Space-time parallel algorithm for linear fractional in space-time differential equations

The approach which was presented above can be extended to fractional in space and time equation:

$$\begin{aligned} D_{t}^{\alpha }u(t,x) = -\lambda (x) D_{x}^{\beta }u(t,x),\qquad u(0,x)=u_{0} \in L^{2}({\mathbb {R}}), \end{aligned}$$
(17)

with \(0<\alpha <1\), \(\beta >0\), and \(\lambda \in C_{b}^{0}({\mathbb {R}})\) on \([0;T]\times {\mathbb {R}}\) and where \(D_{t}^{\alpha }\) denotes Caputo’s derivative and \(D_{x}^{\beta }\) denotes Riesz’ derivative. In this case it is possible to implement a coupled pseudospectral parareal method. Formally, denoting by \(\widehat{u}(t,\cdot )=\mathcal{F}_{x}u(t,\cdot )\) the Fourier transform in space (where ξ denotes the co-variable associated with x), we first assume that λ is a real constant. We directly have

$$\begin{aligned} D_{t}^{\alpha }\widehat{u}(t,\xi ) = -\lambda ({\mathtt{i}} \xi )^{ \beta }\widehat{u}(t,\xi ). \end{aligned}$$

We can then directly apply the parareal-Gorenflo’s method derived above.

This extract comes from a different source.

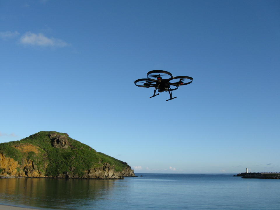 | 朝はほとんど無風だったので、朝メシ前にドローンを飛ばしに、いそいそとナーマ浜へ来た。 今日のダイビング終了したら、台風対策で船を陸に揚げちゃうので、 予定より1日早い与那国島でのダイビング最終日となった。 〆の日がよく晴れて、よかったよかった。 |

We set \(y_{\xi }(t):=({\mathtt{i}} \xi )^{\beta }\widehat{u}(t,\xi )\), hence

$$\begin{aligned} D_{t}^{\alpha }y_{\xi }(t) = -\lambda y_{\xi }(t). \end{aligned}$$

In this case the Fourier transform can easily be implemented in parallel, while the time-fractional derivative can be parallelized using the parareal method. However, whenever λ is no more constant, even the sequential algorithm is not that simple anymore.

Sequential algorithm

When λ is space-dependent, it is no more possible to efficiently directly apply a Fourier transform in space. In the latter case, we detail the proposed algorithm and we will then focus on the parallelization aspects. We denote the spatial grid points and indices as follows:

$$\begin{aligned} \mathcal{D}_{N_{x}} = \{x_{k}\}_{k\in \mathcal{O}_{N_{x}}},\quad \mathcal{O}_{N_{x}} = \{ k \in {\mathbb {N}}/ k=0,\ldots,N_{x}-1 \}, \end{aligned}$$

and the uniform mesh size by \(\Delta x:=x_{k+1}-x_{k}=2L_{x}/N_{x}\) for the entire domain \(\mathcal{D}:=[-L_{x},L_{x}]\). The corresponding discrete wavenumbers are defined by \(\xi _{p}=p\pi /L_{x}\) for \(p\in \mathcal{P}_{N_{x}}:= \{-N_{x}/2,\ldots,N_{x}/2-1\}\). In practice, (17) is hence solved on a bounded spatial domain \([-L_{x},L_{x}]\) with periodic boundary conditions. Regarding the pseudospectral approximations, we use the following notation:

$$ \widehat{u}_{p}(t) = \sum_{k=0}^{N_{x}-1}u(t,x_{k})e^{-{ \mathtt{i}}\xi _{p}(x_{k}+L_{x})},\qquad \widetilde{u}_{k}(t) = \frac {1}{N_{x}}\sum _{p=-N_{x}/2}^{N_{x}/2-1} \widehat{u}_{p}(t)e^{{\mathtt{i}}\xi _{p}(x_{k}+L_{x})}. $$
(18)

That is, \(\widehat{u}_{p}(t)\) is an approximate discrete Fourier transform with and \(\widetilde{u}_{k}(t)\) is an approximation to \(u(t,x_{k})\) obtained through an approximate inverse discrete Fourier transform with, for some \(c>0\),

$$\begin{aligned} \max_{k \in \mathcal{O}_{N_{x}}} \bigl\vert \widetilde{u}_{k}(t) - \mathcal{F}^{-1}(u) (t,x_{k}) \bigr\vert \leq cN_{x}^{1/2-s} \bigl\Vert u(t,\cdot ) \bigr\Vert _{H^{s}} \, , \end{aligned}$$

for \(s>1/2\) (in 1d) and \(u(t,\cdot )\in L^{1}\cap H^{s}\) periodic. In general, we do not have \(u(t,x_{k}) \neq \widetilde{u}_{k}(t)\). Such pseudospectral projection is for instance studied in [8]. Typically, the high modes which are neglected in the above approximation lead to the following aliasing error estimates for \(u(t,\cdot ) \in H^{r}\): there exists \(c>0\) such that

$$\begin{aligned} \bigl\Vert \widetilde{\widehat{u}}(t,\cdot ) -u(t,\cdot ) \bigr\Vert _{H^{s}} \leq c N_{x}^{s-r} \bigl\Vert u(t,\cdot ) \bigr\Vert _{H^{r}} \, , \end{aligned}$$

for some \(r>s>1/2\) (in 1d) and \(u(t,\cdot )\in L^{1}\cap H^{r}\) periodic. We yet refer to [8] for details.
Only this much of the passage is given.